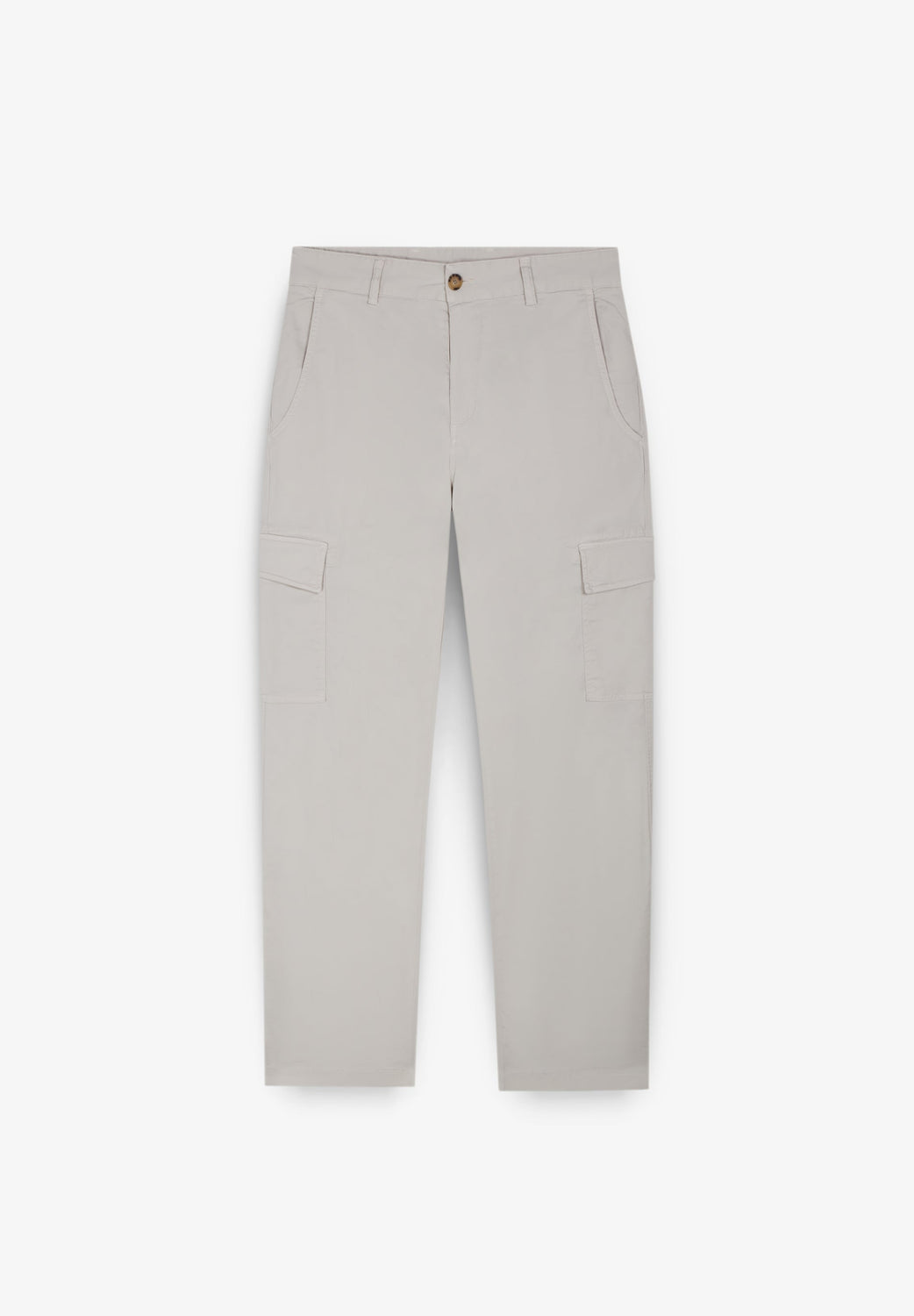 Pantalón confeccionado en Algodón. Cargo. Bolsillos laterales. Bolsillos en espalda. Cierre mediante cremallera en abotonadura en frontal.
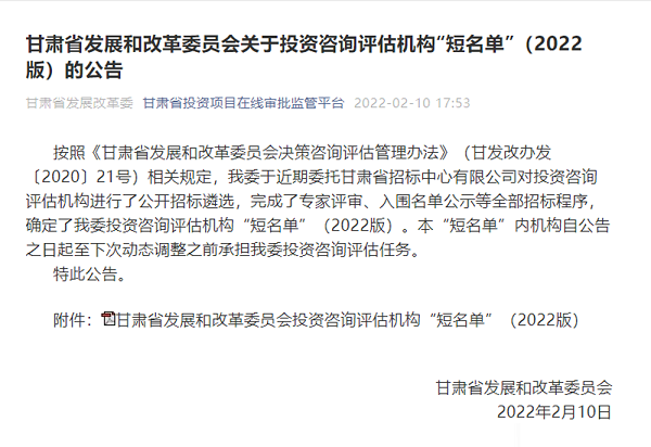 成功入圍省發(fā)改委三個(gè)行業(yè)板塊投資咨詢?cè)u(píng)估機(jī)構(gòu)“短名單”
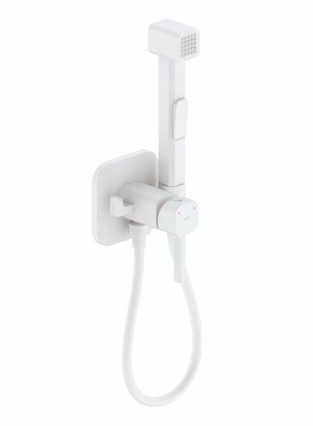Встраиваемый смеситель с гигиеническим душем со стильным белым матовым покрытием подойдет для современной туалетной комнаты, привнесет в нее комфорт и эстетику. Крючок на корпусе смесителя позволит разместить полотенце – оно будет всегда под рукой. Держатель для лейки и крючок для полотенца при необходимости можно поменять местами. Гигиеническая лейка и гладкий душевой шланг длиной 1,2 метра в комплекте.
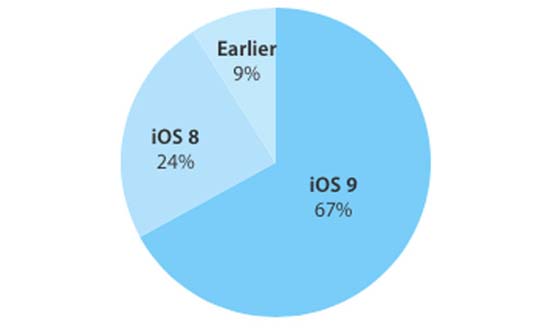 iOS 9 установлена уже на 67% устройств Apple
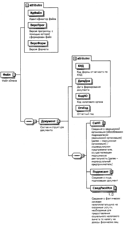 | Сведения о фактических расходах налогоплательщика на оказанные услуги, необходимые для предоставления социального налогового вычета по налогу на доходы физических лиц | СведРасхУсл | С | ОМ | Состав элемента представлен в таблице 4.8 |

┄┄┄┄┄┄┄┄┄┄┄┄┄┄┄┄┄┄┄┄

### [Work item]
Reproduce the full material exactly, excluding the pictures.

### [Response area]
 Pantalón confeccionado en Algodón. Cargo. Bolsillos laterales. Bolsillos en espalda. Cierre mediante cremallera en abotonadura en frontal.
 成功入圍省發(fā)改委三個(gè)行業(yè)板塊投資咨詢?cè)u(píng)估機(jī)構(gòu)“短名單”
Встраиваемый смеситель с гигиеническим душем со стильным белым матовым покрытием подойдет для современной туалетной комнаты, привнесет в нее комфорт и эстетику. Крючок на корпусе смесителя позволит разместить полотенце – оно будет всегда под рукой. Держатель для лейки и крючок для полотенца при необходимости можно поменять местами. Гигиеническая лейка и гладкий душевой шланг длиной 1,2 метра в комплекте.
 iOS 9 установлена уже на 67% устройств Apple
 | Сведения о фактических расходах налогоплательщика на оказанные услуги, необходимые для предоставления социального налогового вычета по налогу на доходы физических лиц | СведРасхУсл | С | ОМ | Состав элемента представлен в таблице 4.8 |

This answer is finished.